──────── Stored data

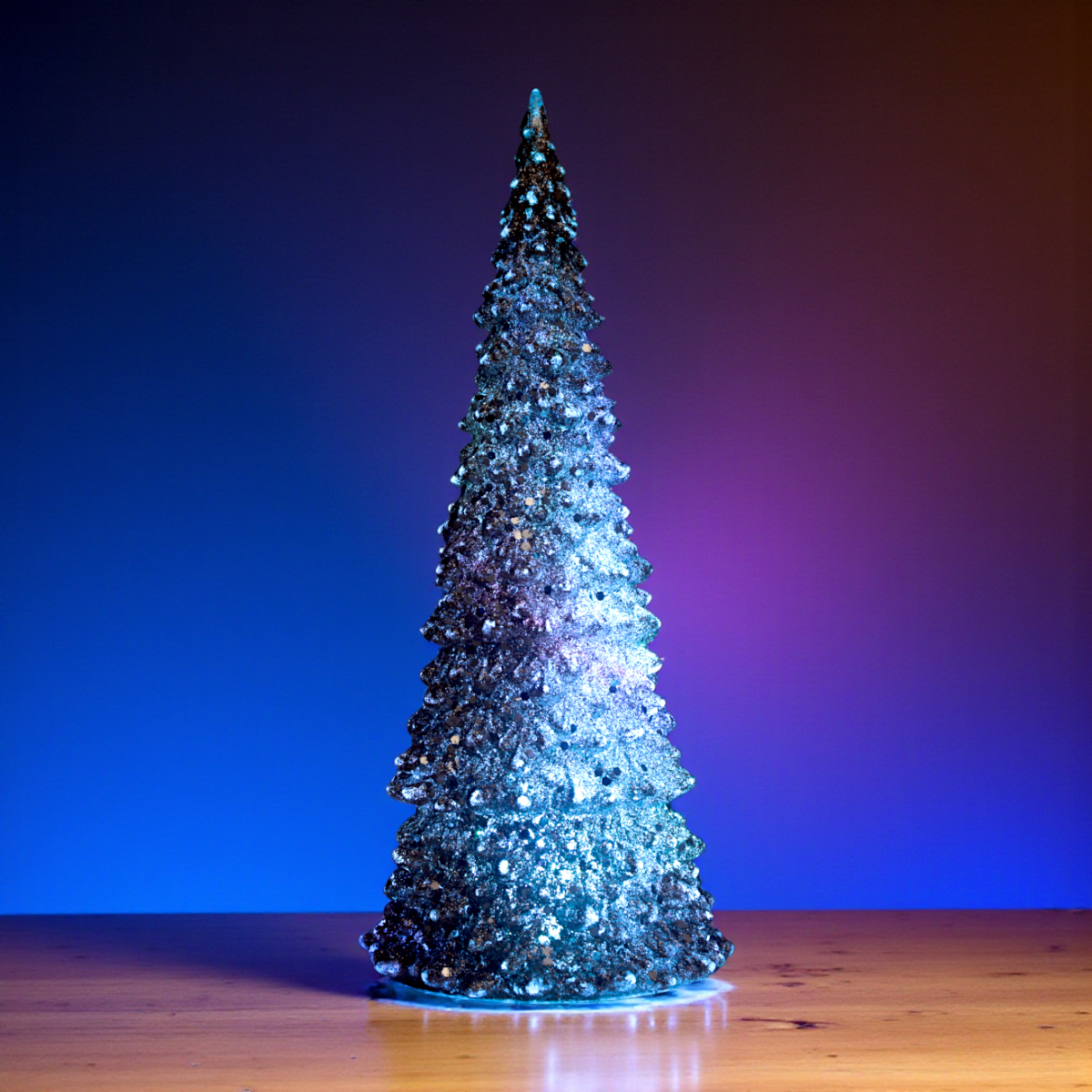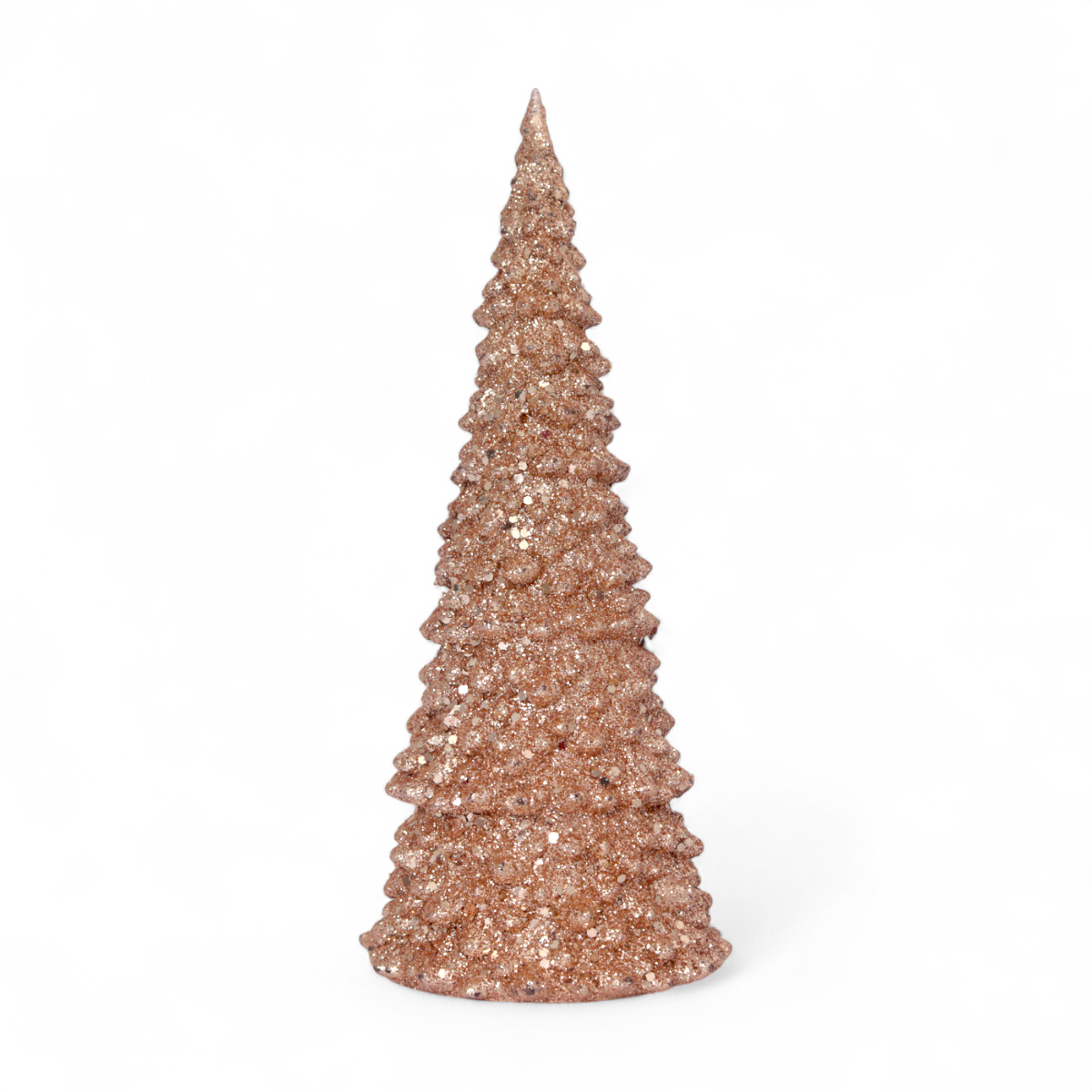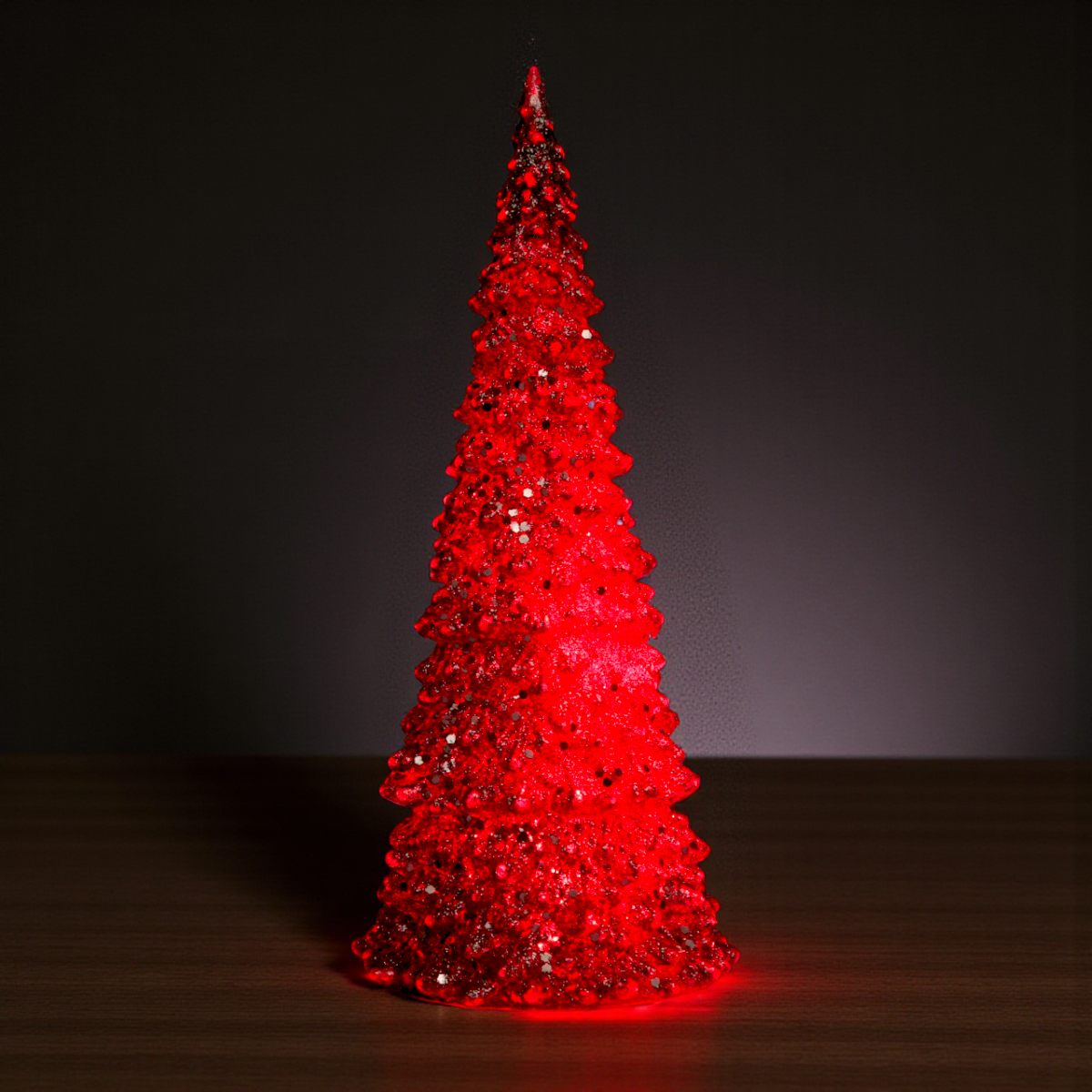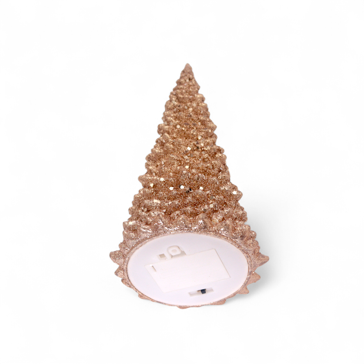 Świecąca dekoracja świąteczna. Choinka o wysokości 27cm, z oświetleniem LED. Wykonana z tworzywa sztucznego i ozdobiona dużą ilością złotego brokatu oraz drobnymi cekinami. Wyposażona jest w diodę LED płynnie zmieniającą kolor. Idealnie nadaje się na samodzielną dekorację parapetu okna lub komody. Doskonale sprawdzi się również jako drobny upominek lub dodatek do prezentu. Zasilana jest trzema bateriami typu AAA (brak w zestawie). Produkt przeznaczony do użytku wewnątrz pomieszczeń.
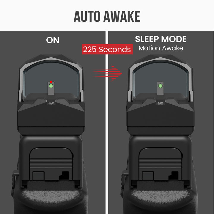 - Shake Awake : After about 225 seconds without sensing any motion, the sight will enter into sleep mode. Even the slightest movement will wake it up to the previous brightness setting.
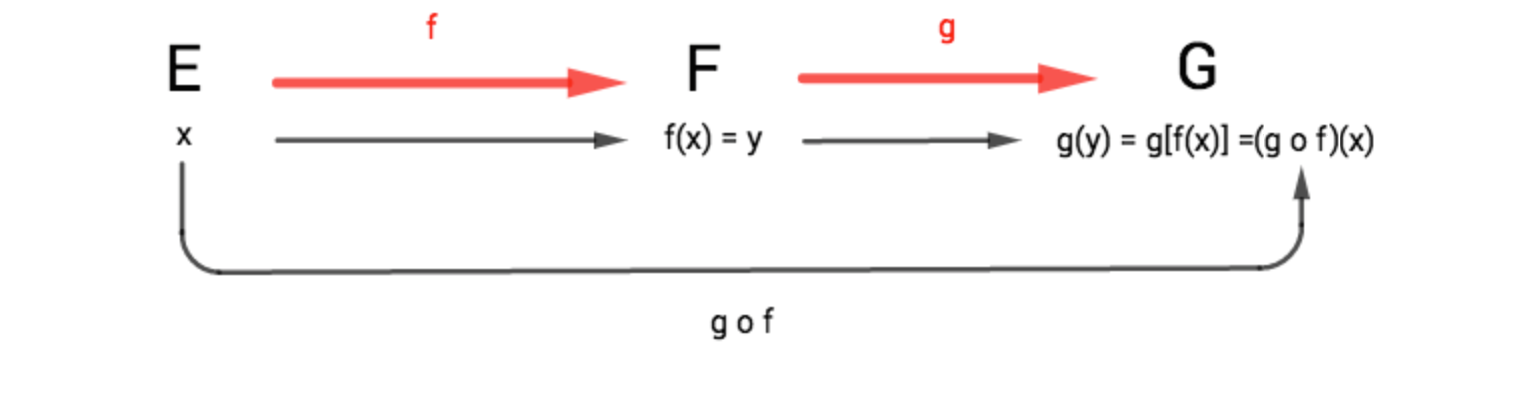 1. Étant donnés deux ensembles E et F, on définit une fonction f de E dans F si à chaque élément x de E est associé au plus un élément de F (que l'on notera f(x) s'il existe), appelé image de x par f.

────────────────

* To do
Give all the lines above again, character for character, without pictures.

* Answer box
 Świecąca dekoracja świąteczna. Choinka o wysokości 27cm, z oświetleniem LED. Wykonana z tworzywa sztucznego i ozdobiona dużą ilością złotego brokatu oraz drobnymi cekinami. Wyposażona jest w diodę LED płynnie zmieniającą kolor. Idealnie nadaje się na samodzielną dekorację parapetu okna lub komody. Doskonale sprawdzi się również jako drobny upominek lub dodatek do prezentu. Zasilana jest trzema bateriami typu AAA (brak w zestawie). Produkt przeznaczony do użytku wewnątrz pomieszczeń.
 - Shake Awake : After about 225 seconds without sensing any motion, the sight will enter into sleep mode. Even the slightest movement will wake it up to the previous brightness setting.
 1. Étant donnés deux ensembles E et F, on définit une fonction f de E dans F si à chaque élément x de E est associé au plus un élément de F (que l'on notera f(x) s'il existe), appelé image de x par f.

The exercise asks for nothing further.